Papillary carcinoma of the duodenum combined with right renal carcinoma: a case report
© Zhang et al.; licensee BioMed Central Ltd. 2013
Received: 30 August 2012
Accepted: 14 January 2013
Published: 1 February 2013
We report a case of papillary carcinoma of the duodenum combined with right renal carcinoma. A 58-year-old man underwent a physical examination that revealed intrahepatic and extrahepatic bile duct dilatation on B ultrasound. Intrahepatic bile duct dilatation could be seen on magnetic resonance imaging (MRI), but the head of the pancreas and distal bile duct showed no tumor signals, which led to a diagnosis of periampullary carcinoma and right renal carcinoma. Considering the trauma of pancreaticoduodenectomy combined with renal resection operation is greater, we carried out the laparoscopic right renal radical resection first, and then a pylorus-preserving pancreaticoduodenectomy was performed. However, postoperative intra-abdominal infections and bleeding occurred; our patient improved after vascular interventional microcoil embolization for the treatment of hemostasis. The second operation for celiac necrotic tissue elimination, jejunal fistulization and peritoneal lavage and drainage was performed 14 days latter. Our patient improved gradually and was discharged on the 58th postoperative day. There has been no tumor recurrence after a follow-up of 26 months.
KeywordsDuodenum Jejunal fistulization Papillary carcinoma Renal carcinoma Renal resection
Duodenal papilla carcinoma is classified as a periampullary carcinoma. Its early diagnosis is difficult because of the lesion site. It easily leads to bile duct obstruction because the cancer is in the ampulla; therefore the main clinical feature is progressive deepening painless jaundice [1–3]. There have been no previous reports of cases of duodenal papilla carcinoma combined with right renal carcinoma. Here, we describe such a case. Our patient was found to have intrahepatic and extrahepatic bile duct dilatation on B ultrasound without other symptoms initially, and was then hospitalized for further examination and treatment.

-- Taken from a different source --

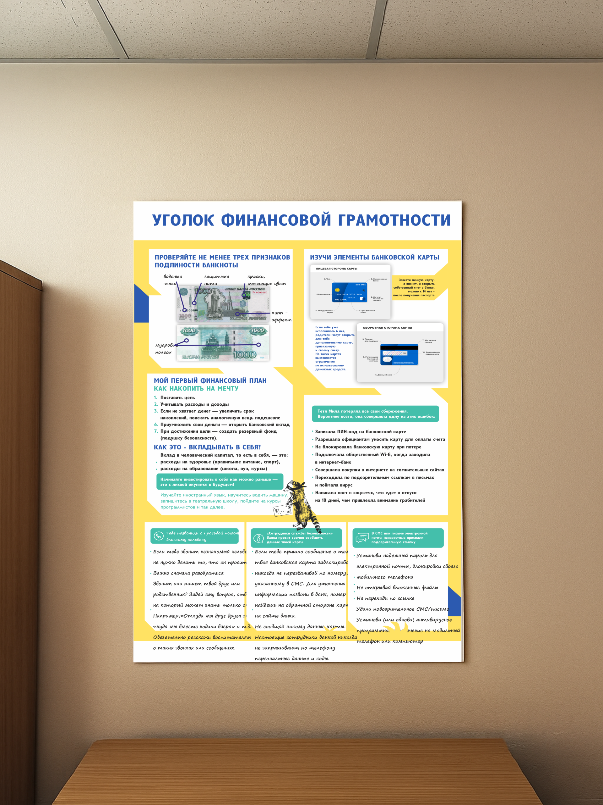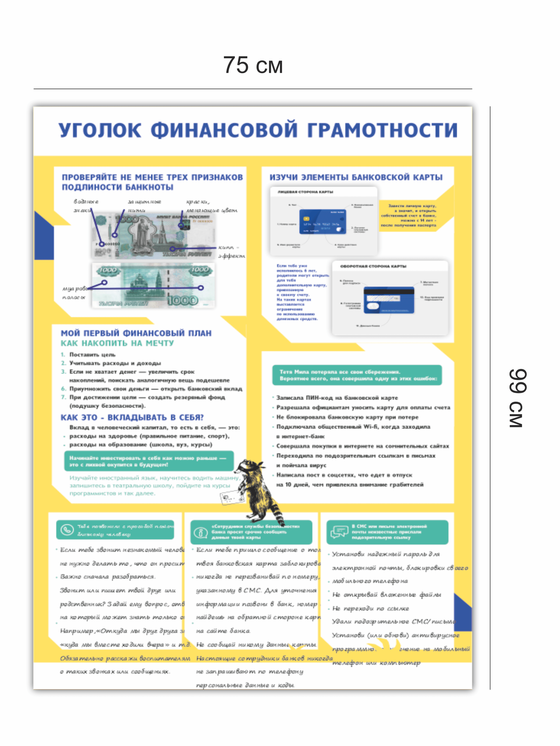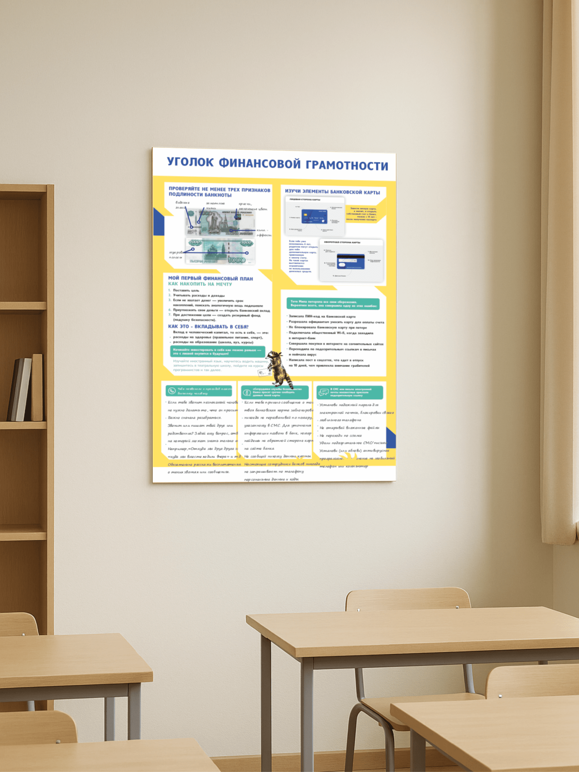 Познавательный стенд «Уголок финансовой грамотности» предназначен для наглядного обучения детей и подростков правилам обращения с деньгами. Яркий дизайн, чёткие схемы и иллюстрации помогают легко усвоить базовые финансовые понятия. Стенд выполнен из прочного ПВХ 3 мм с УФ-печатью и устанавливается на двустороннюю клейкую ленту.
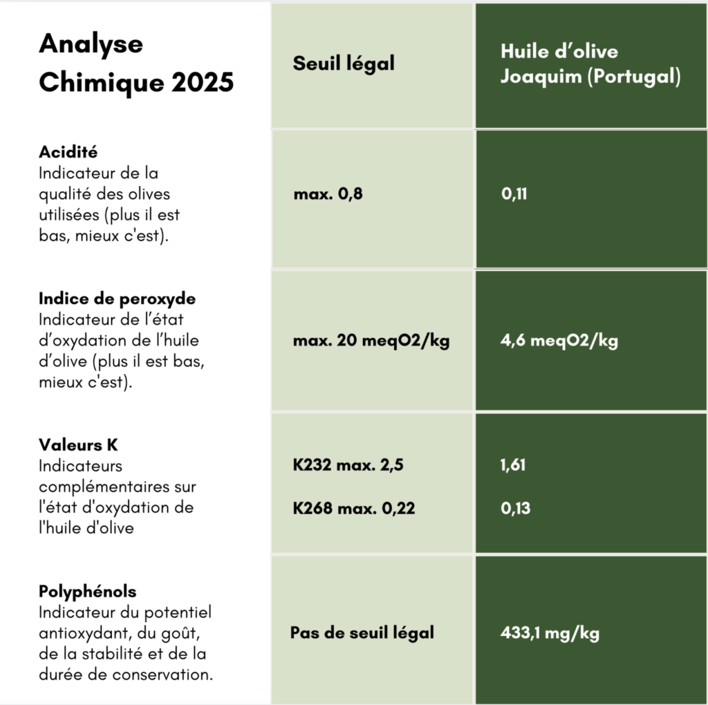 Nos huiles d’olive sont systématiquement analysées chaque année, de façon indépendante du producteur, afin d’évaluer un panel de paramètres de qualité. Par exemple, nous évaluons le fruité, la teneur en polyphénols ou encore le degré d’acidité. Pour nous, ce n’est pas seulement le bon goût d’une huile qui compte, mais aussi de comprendre pourquoi elle est si savoureuse. La connaissance renforce le goût 😉.

Duodenal papilla carcinoma is a rare finding, and comprises of less than 1% of all digestive malignant tumors. However, it is the second most common periampullary malignancy. The first clinical symptoms are always jaundice [4–6]. However, in this particular case, our patient had no clinical symptoms and intrahepatic and extrahepatic bile duct dilatation was only revealed on physical examination. The diagnosis of periampullary carcinoma and right renal carcinoma was made when our patient was hospitalized for further examination and treatment. He had diabetes and hypertension, kept under regular medical control for the past 20 years. This is therefore a very rare case. Radical resection is the only curative operation method for duodenal papilla carcinoma [7–9]. The trauma and risk are greater if resection of the two tumors is performed at the same time, so we carried out the laparoscopic right renal radical resection first. Our patient recovered well. However, he presented with symptoms of cholangitis in the following month. The pylorus-preserving pancreaticoduodenectomy was performed after we cured the cholangitis, then postoperative intra-abdominal infections and bleeding occurred. This may have been caused by the preoperative cholangitis or our patient’s diabetes. We then took appropriate treatment measures. Our patient improved gradually and was discharged on the 58th postoperative day. There has been no tumor recurrence after a follow-up of 2 years and 2 months.
Our patient gave his written informed consent for this case report to be published.